NF-κB plays a central role in immune-cell-mediated tumor inflammation [10]. The fact that inflamatory pathway activity correlates with metformin sensitivity in xenografts indicates that the effects of metformin are independent of a potential influence of the drug on immune cells. IL-6 from CSCs is sufficient to induce the conversion of non-CSCs to CSCs in a paracrine fashion that establishes a dynamic equilibrium between the two populations [11]. Irrespective of whether metformin can interfere with NF-κB activation in the immune system, IL-6 delivered from immune cells within the tumor is likely to skew the cancer cell population dynamics and this has the potential to impact tumor development [12]. Non-epithelial sources of IL-6 might supersede the role of the epithelial inflammatory response. The influence of metformin on CSC population dynamics in autochthonous tumors remains to be seen.
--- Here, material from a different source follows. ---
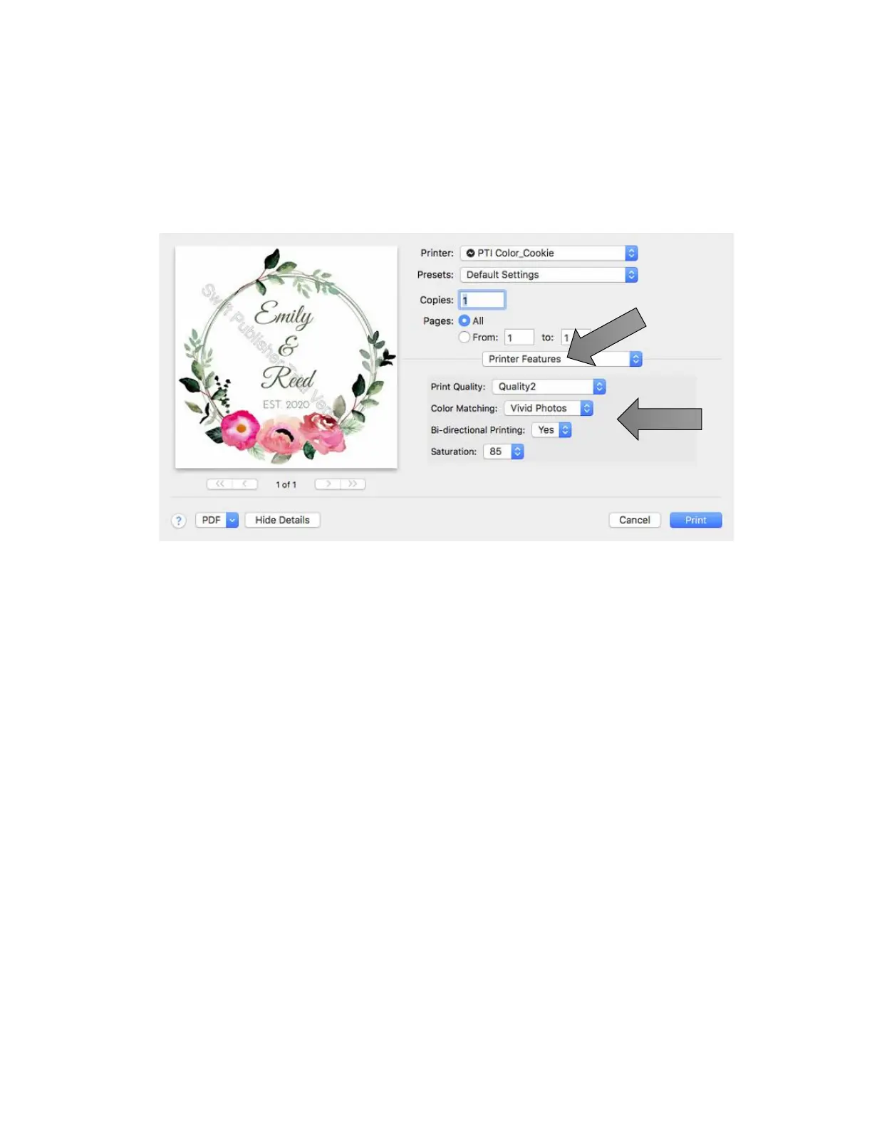 Click on the Swift Publisher 5 drop-down menu and choose Printer Features.

Another lingering question is how metformin inhibits NF-κB activity. A critical observation by Hirsch and colleagues that may shed some light on this is that metformin only inhibits transformation when administered during an early window of up to 3 hours following Src induction, after which metformin is less effective [9]. This is surprising given that a 5-minute activation of Src suffices to transform cells (albeit with slower kinetics) and NF-κB activity is similar at 1 hour and 4 hours after Src activation [4]. Taken together, these observations suggest that some aspect of metformin function sets the scene to inhibit NF-κB indirectly. Multiple lines of evidence indicate that metformin regulates cellular metabolism, in part, through indirect activation of AMP-activated protein kinase [13], and genetic epistasis experiments are warranted to investigate a potential link between AMP-activated protein kinase and NF-κB in CSCs. Sensitivity to metformin is also influenced by which nutrients are predominantly utilized for anabolic reactions to fuel proliferation [14], so differences in metabolic pathway activity between non-CSCs and CSCs may underlie differential sensitivity to the drug. Regardless of these factors, selective depletion of CSCs promises to pave the way towards more effective therapies [15] and the insights from Hirsch and colleagues bring us a significant step further towards this goal.